◆ WORK REQUIRED
Skip pictures in the listing below; copy exactly the lines from the one with "This Concept Map, created" through the one with "中新社雅典八月二十八日電(記", inclusive.

◆ RECORDS TO PROCESS

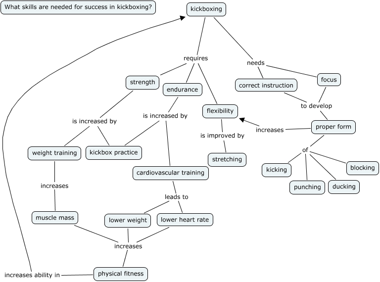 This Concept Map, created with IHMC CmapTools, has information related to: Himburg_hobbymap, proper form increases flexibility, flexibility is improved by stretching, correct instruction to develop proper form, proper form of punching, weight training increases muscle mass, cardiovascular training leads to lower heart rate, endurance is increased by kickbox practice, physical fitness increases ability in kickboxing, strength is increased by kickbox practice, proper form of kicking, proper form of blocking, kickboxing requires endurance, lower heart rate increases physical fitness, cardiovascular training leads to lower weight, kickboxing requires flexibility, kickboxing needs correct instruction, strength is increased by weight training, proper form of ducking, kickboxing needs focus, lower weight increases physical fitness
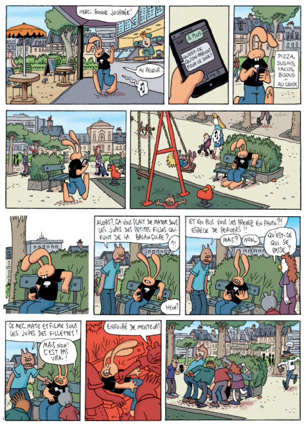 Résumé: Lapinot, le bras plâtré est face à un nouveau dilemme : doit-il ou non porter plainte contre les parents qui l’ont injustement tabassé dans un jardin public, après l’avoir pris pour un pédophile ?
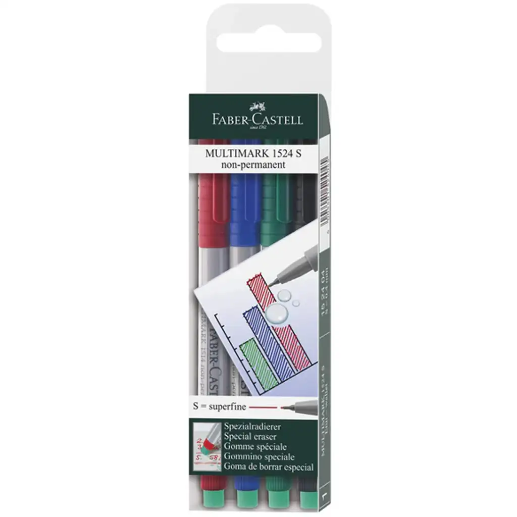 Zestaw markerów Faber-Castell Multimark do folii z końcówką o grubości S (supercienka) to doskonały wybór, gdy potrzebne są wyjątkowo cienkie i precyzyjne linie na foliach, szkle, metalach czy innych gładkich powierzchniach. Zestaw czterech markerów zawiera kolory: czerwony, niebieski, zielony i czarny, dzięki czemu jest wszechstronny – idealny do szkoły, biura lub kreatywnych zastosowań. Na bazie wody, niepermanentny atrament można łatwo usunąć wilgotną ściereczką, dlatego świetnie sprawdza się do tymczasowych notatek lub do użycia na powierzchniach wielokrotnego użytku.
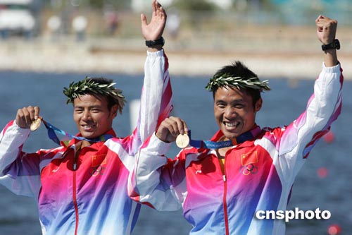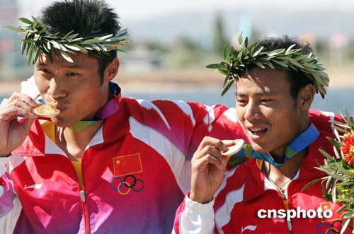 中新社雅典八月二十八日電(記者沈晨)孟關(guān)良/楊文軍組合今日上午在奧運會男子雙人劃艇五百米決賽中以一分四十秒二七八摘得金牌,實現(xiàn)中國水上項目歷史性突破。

--

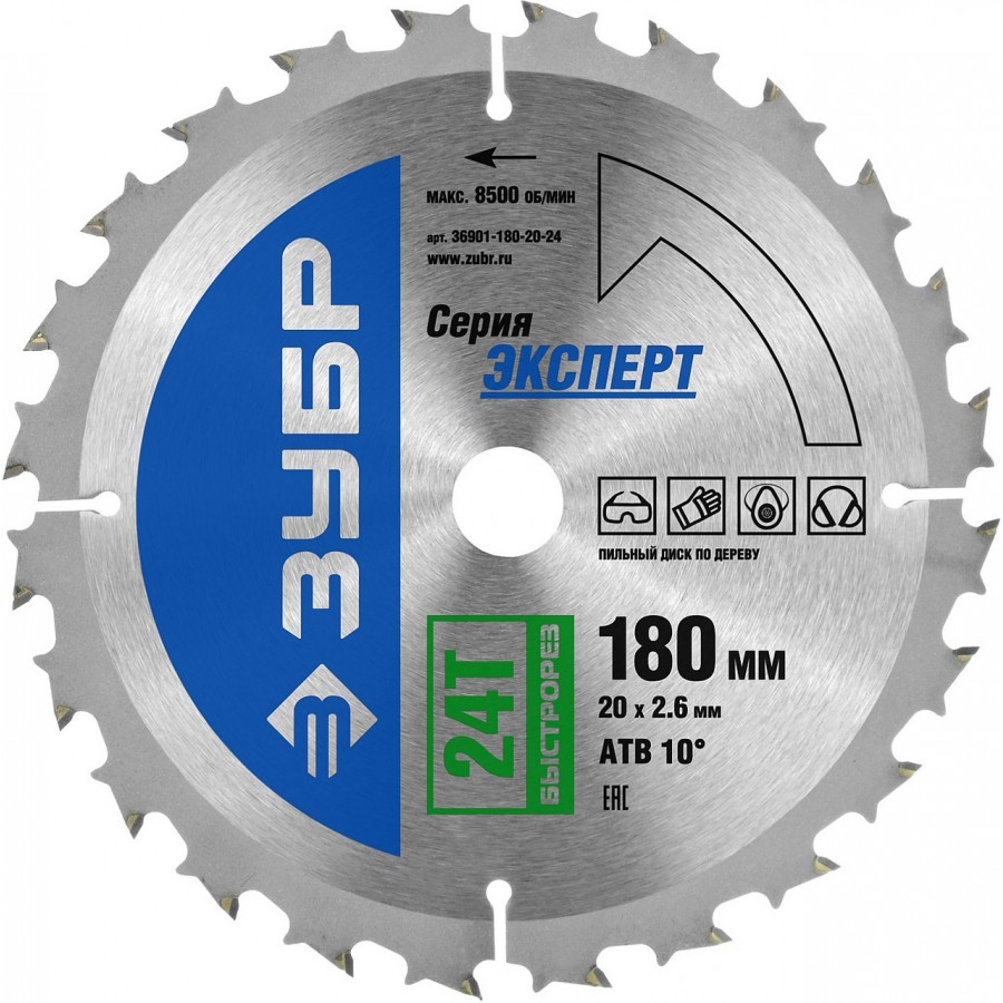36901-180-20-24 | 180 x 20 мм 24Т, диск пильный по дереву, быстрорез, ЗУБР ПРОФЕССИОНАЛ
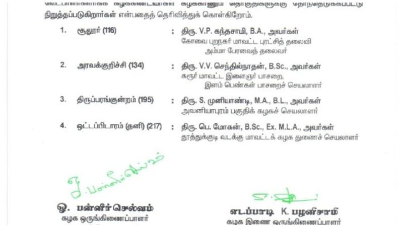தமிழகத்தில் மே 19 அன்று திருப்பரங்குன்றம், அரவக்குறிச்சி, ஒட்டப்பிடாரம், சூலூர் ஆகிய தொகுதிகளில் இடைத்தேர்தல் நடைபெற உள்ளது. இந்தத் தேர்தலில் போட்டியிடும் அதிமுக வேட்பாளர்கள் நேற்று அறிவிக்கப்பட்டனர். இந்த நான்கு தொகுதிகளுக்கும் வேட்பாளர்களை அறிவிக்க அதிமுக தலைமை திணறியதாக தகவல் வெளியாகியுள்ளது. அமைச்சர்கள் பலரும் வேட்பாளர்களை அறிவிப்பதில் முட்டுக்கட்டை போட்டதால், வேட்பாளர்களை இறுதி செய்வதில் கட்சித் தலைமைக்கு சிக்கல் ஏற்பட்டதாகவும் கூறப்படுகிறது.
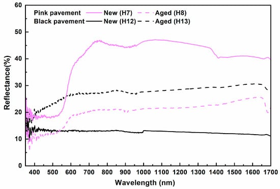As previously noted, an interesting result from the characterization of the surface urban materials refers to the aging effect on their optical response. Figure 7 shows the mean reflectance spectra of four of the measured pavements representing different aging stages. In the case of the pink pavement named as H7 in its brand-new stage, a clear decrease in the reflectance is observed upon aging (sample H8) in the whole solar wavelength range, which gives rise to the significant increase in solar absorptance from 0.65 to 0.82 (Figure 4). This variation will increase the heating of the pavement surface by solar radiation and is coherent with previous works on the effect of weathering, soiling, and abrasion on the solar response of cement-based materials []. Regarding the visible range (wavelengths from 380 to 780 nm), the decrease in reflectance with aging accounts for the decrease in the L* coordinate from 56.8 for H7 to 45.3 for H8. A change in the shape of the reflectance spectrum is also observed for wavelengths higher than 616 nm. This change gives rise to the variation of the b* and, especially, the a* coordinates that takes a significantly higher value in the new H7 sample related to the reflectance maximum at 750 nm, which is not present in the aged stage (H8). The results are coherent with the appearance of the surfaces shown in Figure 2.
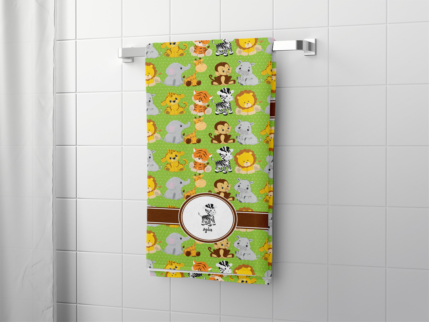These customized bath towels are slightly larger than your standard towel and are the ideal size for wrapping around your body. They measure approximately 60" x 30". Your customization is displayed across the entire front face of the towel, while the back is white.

◆ TASK OUTPUT
 This Concept Map, created with IHMC CmapTools, has information related to: Himburg_hobbymap, proper form increases flexibility, flexibility is improved by stretching, correct instruction to develop proper form, proper form of punching, weight training increases muscle mass, cardiovascular training leads to lower heart rate, endurance is increased by kickbox practice, physical fitness increases ability in kickboxing, strength is increased by kickbox practice, proper form of kicking, proper form of blocking, kickboxing requires endurance, lower heart rate increases physical fitness, cardiovascular training leads to lower weight, kickboxing requires flexibility, kickboxing needs correct instruction, strength is increased by weight training, proper form of ducking, kickboxing needs focus, lower weight increases physical fitness
 Résumé: Lapinot, le bras plâtré est face à un nouveau dilemme : doit-il ou non porter plainte contre les parents qui l’ont injustement tabassé dans un jardin public, après l’avoir pris pour un pédophile ?
 Zestaw markerów Faber-Castell Multimark do folii z końcówką o grubości S (supercienka) to doskonały wybór, gdy potrzebne są wyjątkowo cienkie i precyzyjne linie na foliach, szkle, metalach czy innych gładkich powierzchniach. Zestaw czterech markerów zawiera kolory: czerwony, niebieski, zielony i czarny, dzięki czemu jest wszechstronny – idealny do szkoły, biura lub kreatywnych zastosowań. Na bazie wody, niepermanentny atrament można łatwo usunąć wilgotną ściereczką, dlatego świetnie sprawdza się do tymczasowych notatek lub do użycia na powierzchniach wielokrotnego użytku.
 中新社雅典八月二十八日電(記者沈晨)孟關(guān)良/楊文軍組合今日上午在奧運會男子雙人劃艇五百米決賽中以一分四十秒二七八摘得金牌,實現(xiàn)中國水上項目歷史性突破。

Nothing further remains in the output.